(Entries taken from a collection)
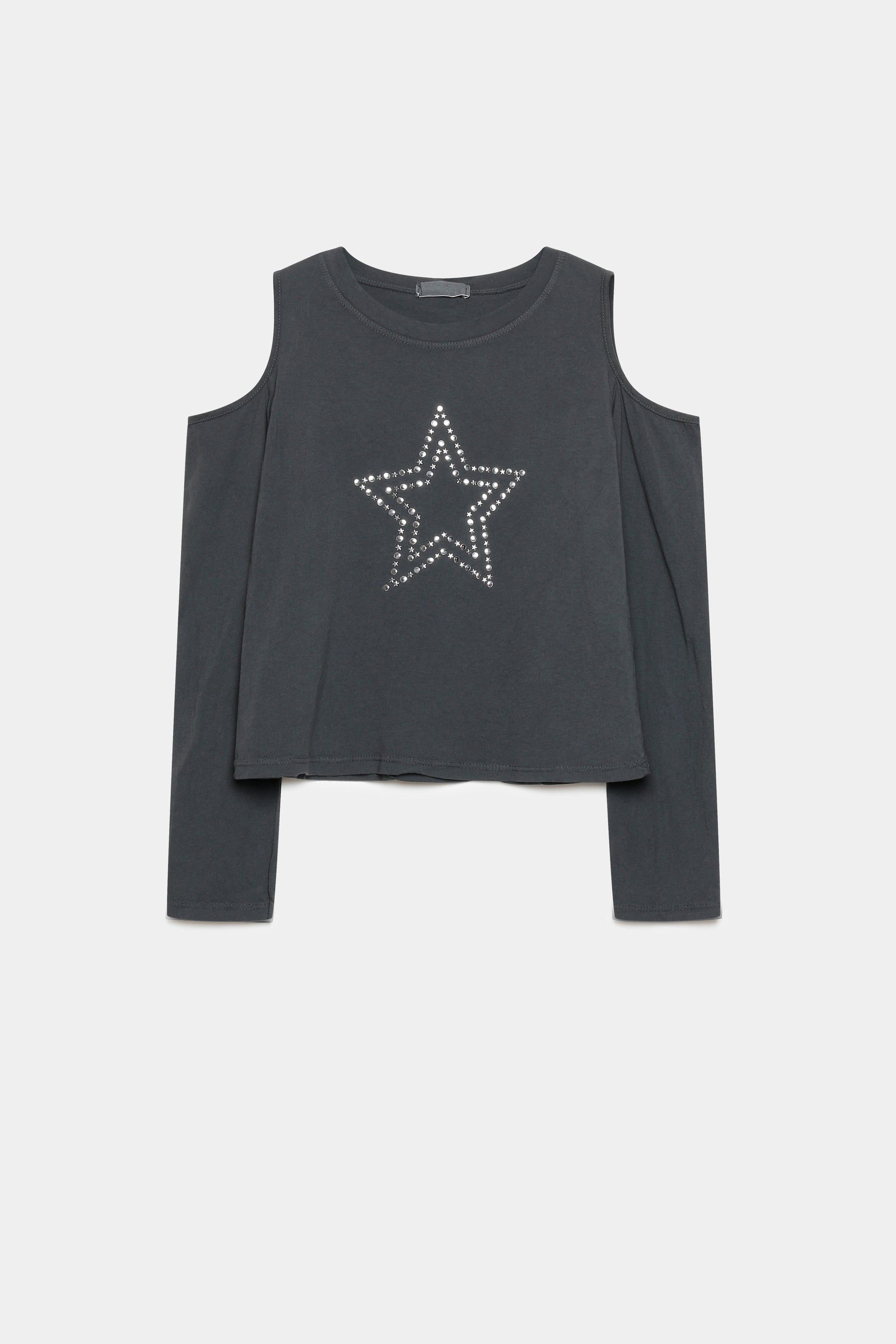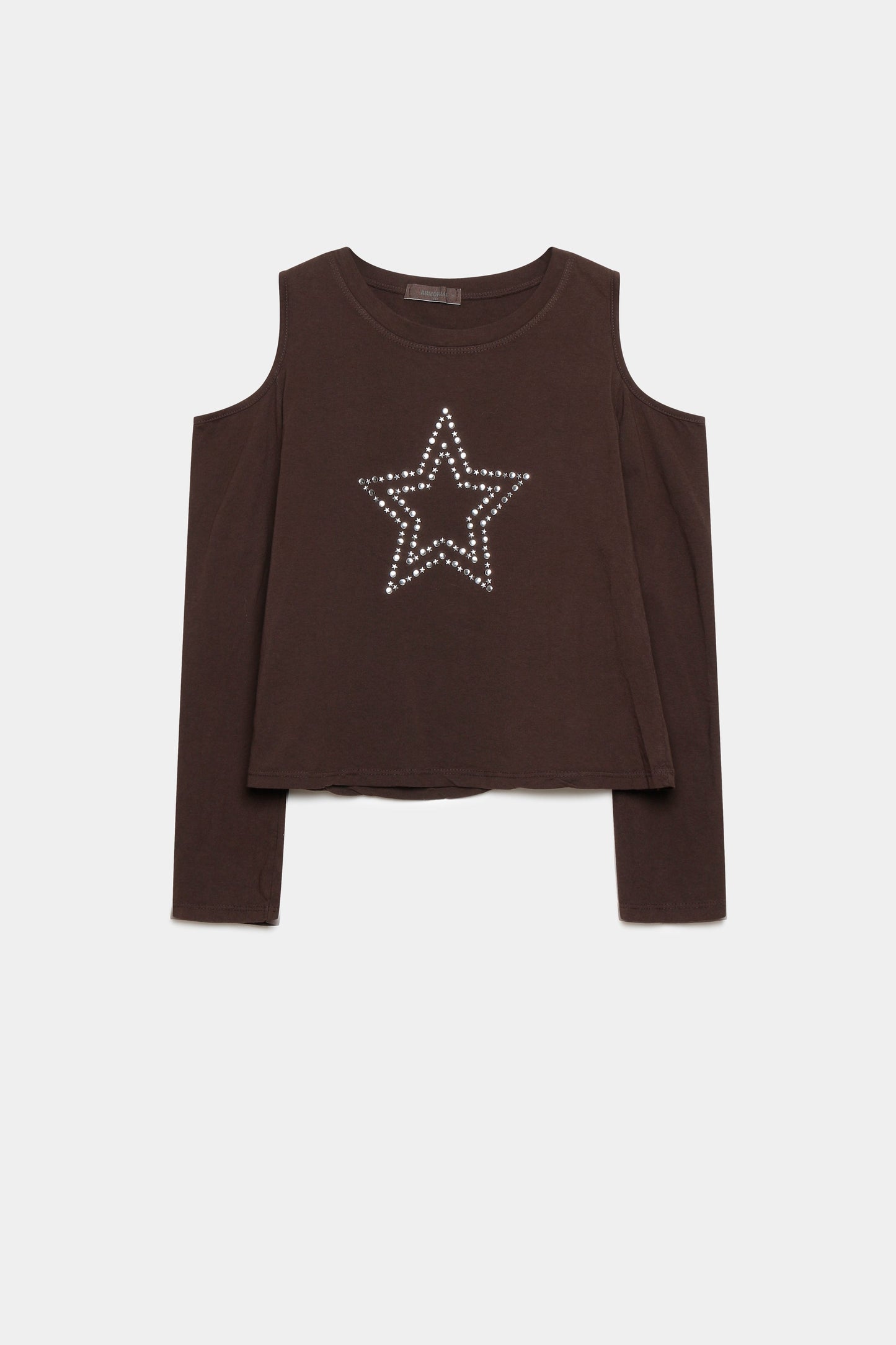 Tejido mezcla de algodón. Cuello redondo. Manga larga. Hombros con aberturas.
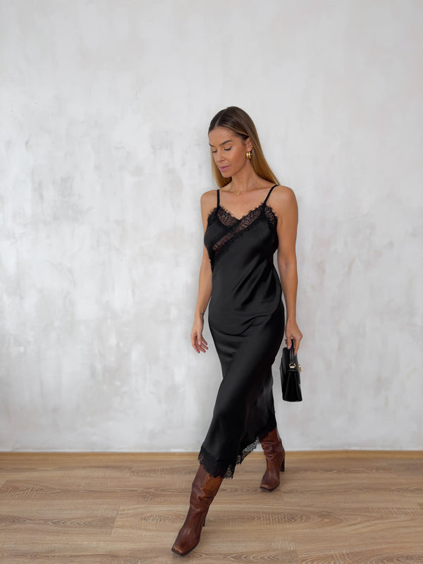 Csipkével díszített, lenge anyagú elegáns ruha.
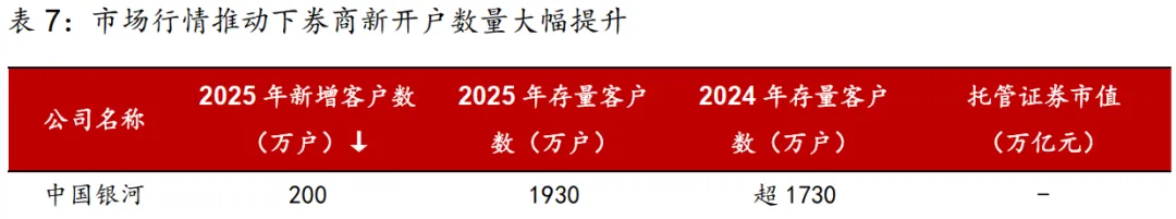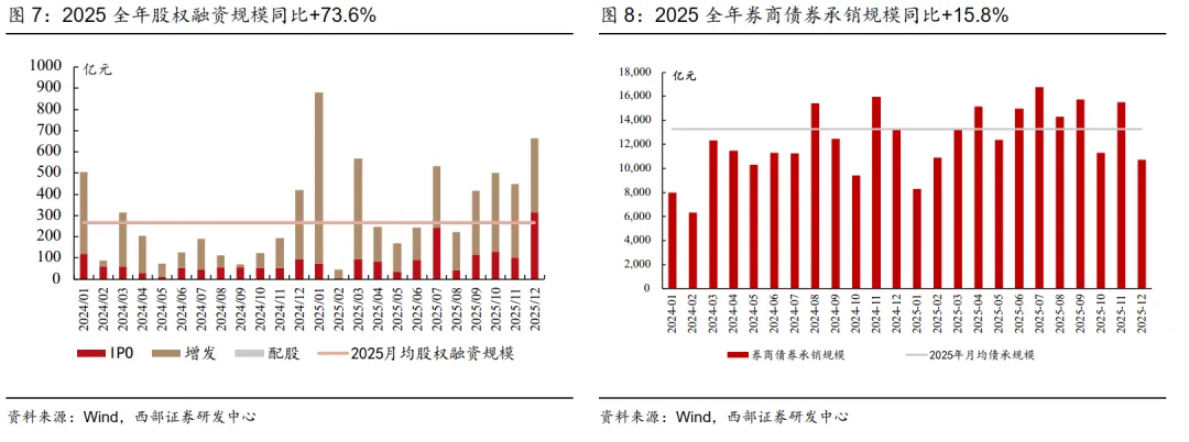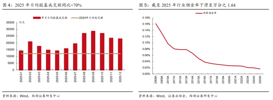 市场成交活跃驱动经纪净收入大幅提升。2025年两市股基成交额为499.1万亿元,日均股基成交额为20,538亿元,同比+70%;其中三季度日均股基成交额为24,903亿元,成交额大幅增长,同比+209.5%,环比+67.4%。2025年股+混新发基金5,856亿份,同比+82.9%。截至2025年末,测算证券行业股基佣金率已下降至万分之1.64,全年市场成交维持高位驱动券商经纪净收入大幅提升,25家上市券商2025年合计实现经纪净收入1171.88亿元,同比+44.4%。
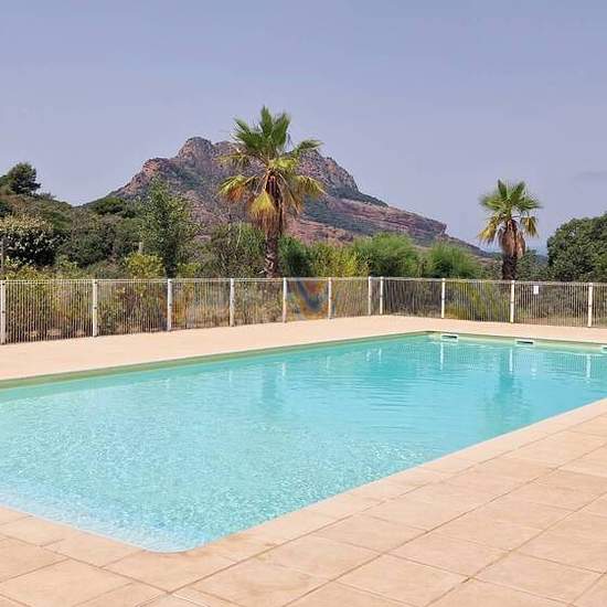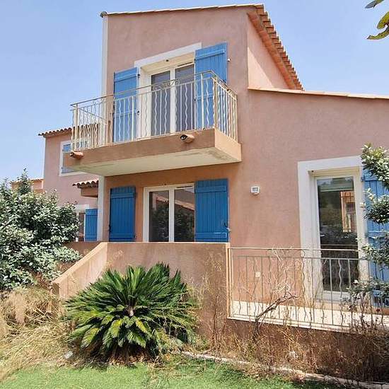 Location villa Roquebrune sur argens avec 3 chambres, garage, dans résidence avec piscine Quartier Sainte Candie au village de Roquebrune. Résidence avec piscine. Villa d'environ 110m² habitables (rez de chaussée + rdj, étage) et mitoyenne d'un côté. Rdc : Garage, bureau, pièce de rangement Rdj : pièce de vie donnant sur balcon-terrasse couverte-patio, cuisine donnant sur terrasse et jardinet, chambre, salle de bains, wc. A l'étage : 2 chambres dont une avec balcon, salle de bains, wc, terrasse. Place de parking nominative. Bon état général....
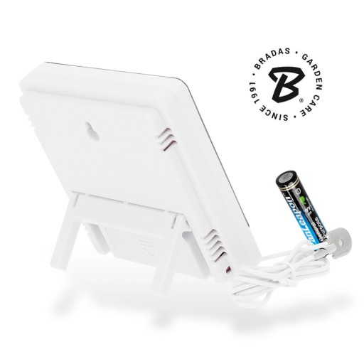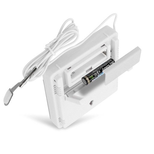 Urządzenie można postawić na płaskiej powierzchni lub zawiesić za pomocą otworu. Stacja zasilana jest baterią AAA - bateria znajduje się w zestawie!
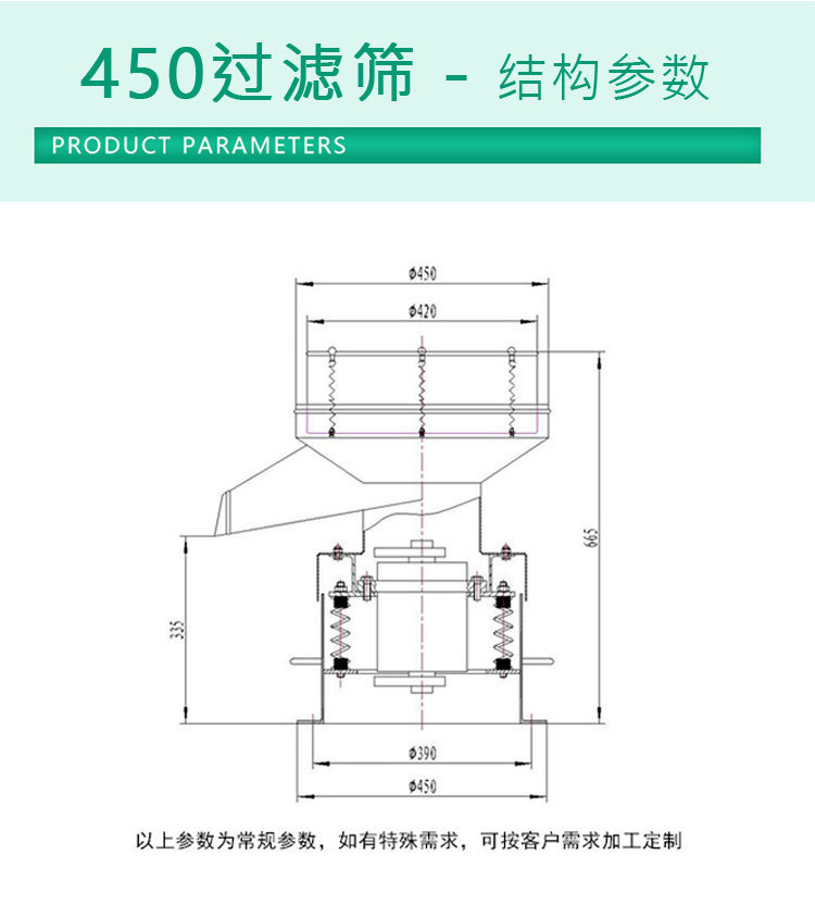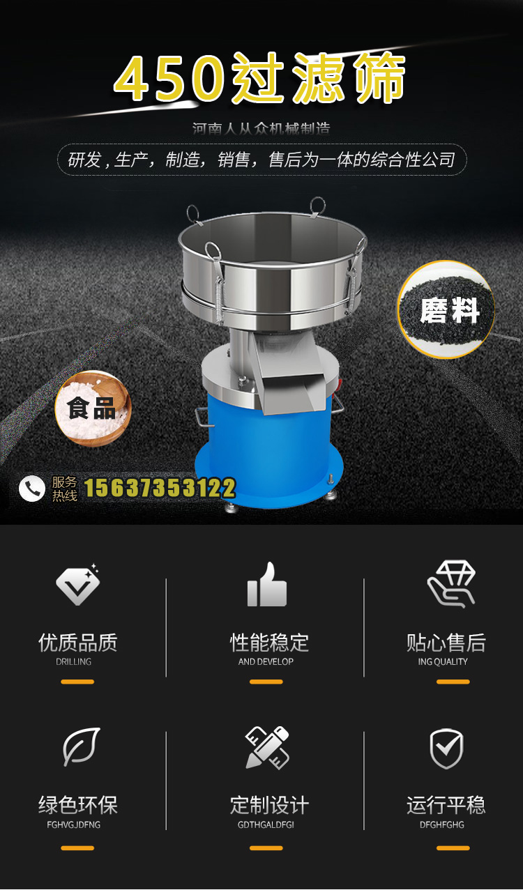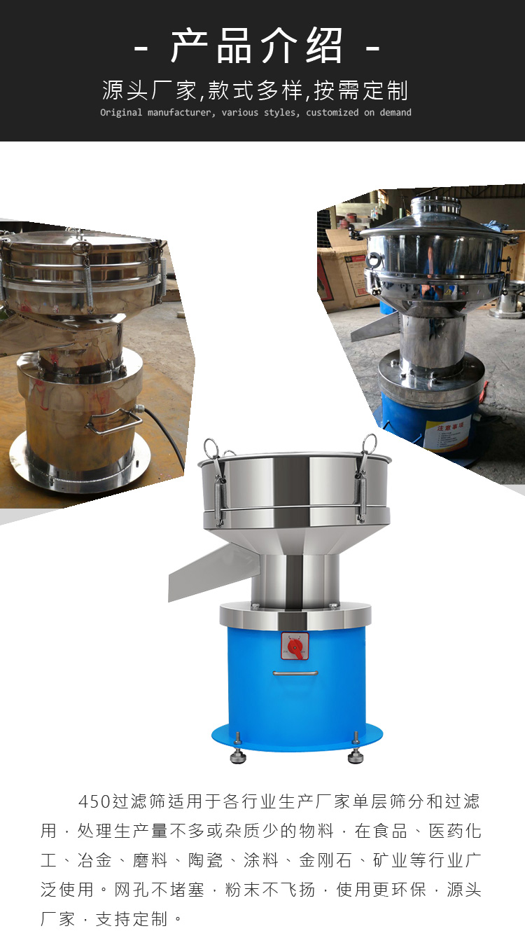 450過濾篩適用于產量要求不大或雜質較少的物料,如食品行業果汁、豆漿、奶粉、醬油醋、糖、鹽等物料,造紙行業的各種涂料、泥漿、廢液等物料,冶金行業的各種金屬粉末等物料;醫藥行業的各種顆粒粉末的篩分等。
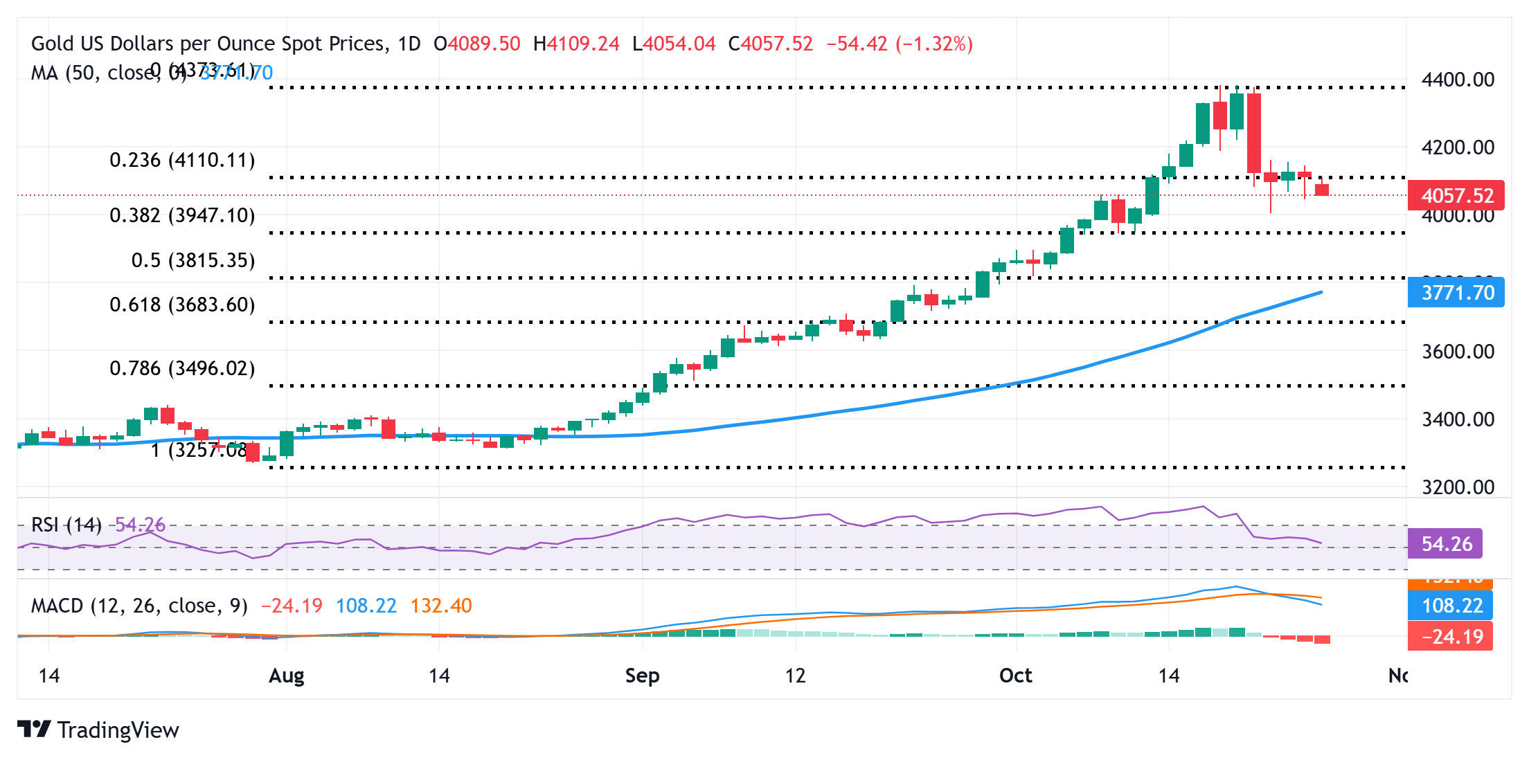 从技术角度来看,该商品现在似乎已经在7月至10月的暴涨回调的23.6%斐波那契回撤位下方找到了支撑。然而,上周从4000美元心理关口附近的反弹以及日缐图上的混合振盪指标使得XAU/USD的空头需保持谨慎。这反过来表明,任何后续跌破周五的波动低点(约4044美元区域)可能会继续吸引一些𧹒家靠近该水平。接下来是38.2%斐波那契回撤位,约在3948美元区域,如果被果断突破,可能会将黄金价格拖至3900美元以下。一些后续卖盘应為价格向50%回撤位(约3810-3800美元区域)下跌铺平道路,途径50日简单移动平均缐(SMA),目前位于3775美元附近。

Task objective -> Repeat each line of the records above exactly, but do not copy the pictures.

Your solution ->
 Tejido mezcla de algodón. Cuello redondo. Manga larga. Hombros con aberturas.
 Csipkével díszített, lenge anyagú elegáns ruha.
 市场成交活跃驱动经纪净收入大幅提升。2025年两市股基成交额为499.1万亿元,日均股基成交额为20,538亿元,同比+70%;其中三季度日均股基成交额为24,903亿元,成交额大幅增长,同比+209.5%,环比+67.4%。2025年股+混新发基金5,856亿份,同比+82.9%。截至2025年末,测算证券行业股基佣金率已下降至万分之1.64,全年市场成交维持高位驱动券商经纪净收入大幅提升,25家上市券商2025年合计实现经纪净收入1171.88亿元,同比+44.4%。
 Location villa Roquebrune sur argens avec 3 chambres, garage, dans résidence avec piscine Quartier Sainte Candie au village de Roquebrune. Résidence avec piscine. Villa d'environ 110m² habitables (rez de chaussée + rdj, étage) et mitoyenne d'un côté. Rdc : Garage, bureau, pièce de rangement Rdj : pièce de vie donnant sur balcon-terrasse couverte-patio, cuisine donnant sur terrasse et jardinet, chambre, salle de bains, wc. A l'étage : 2 chambres dont une avec balcon, salle de bains, wc, terrasse. Place de parking nominative. Bon état général....
 Urządzenie można postawić na płaskiej powierzchni lub zawiesić za pomocą otworu. Stacja zasilana jest baterią AAA - bateria znajduje się w zestawie!
 450過濾篩適用于產量要求不大或雜質較少的物料,如食品行業果汁、豆漿、奶粉、醬油醋、糖、鹽等物料,造紙行業的各種涂料、泥漿、廢液等物料,冶金行業的各種金屬粉末等物料;醫藥行業的各種顆粒粉末的篩分等。
 从技术角度来看,该商品现在似乎已经在7月至10月的暴涨回调的23.6%斐波那契回撤位下方找到了支撑。然而,上周从4000美元心理关口附近的反弹以及日缐图上的混合振盪指标使得XAU/USD的空头需保持谨慎。这反过来表明,任何后续跌破周五的波动低点(约4044美元区域)可能会继续吸引一些𧹒家靠近该水平。接下来是38.2%斐波那契回撤位,约在3948美元区域,如果被果断突破,可能会将黄金价格拖至3900美元以下。一些后续卖盘应為价格向50%回撤位(约3810-3800美元区域)下跌铺平道路,途径50日简单移动平均缐(SMA),目前位于3775美元附近。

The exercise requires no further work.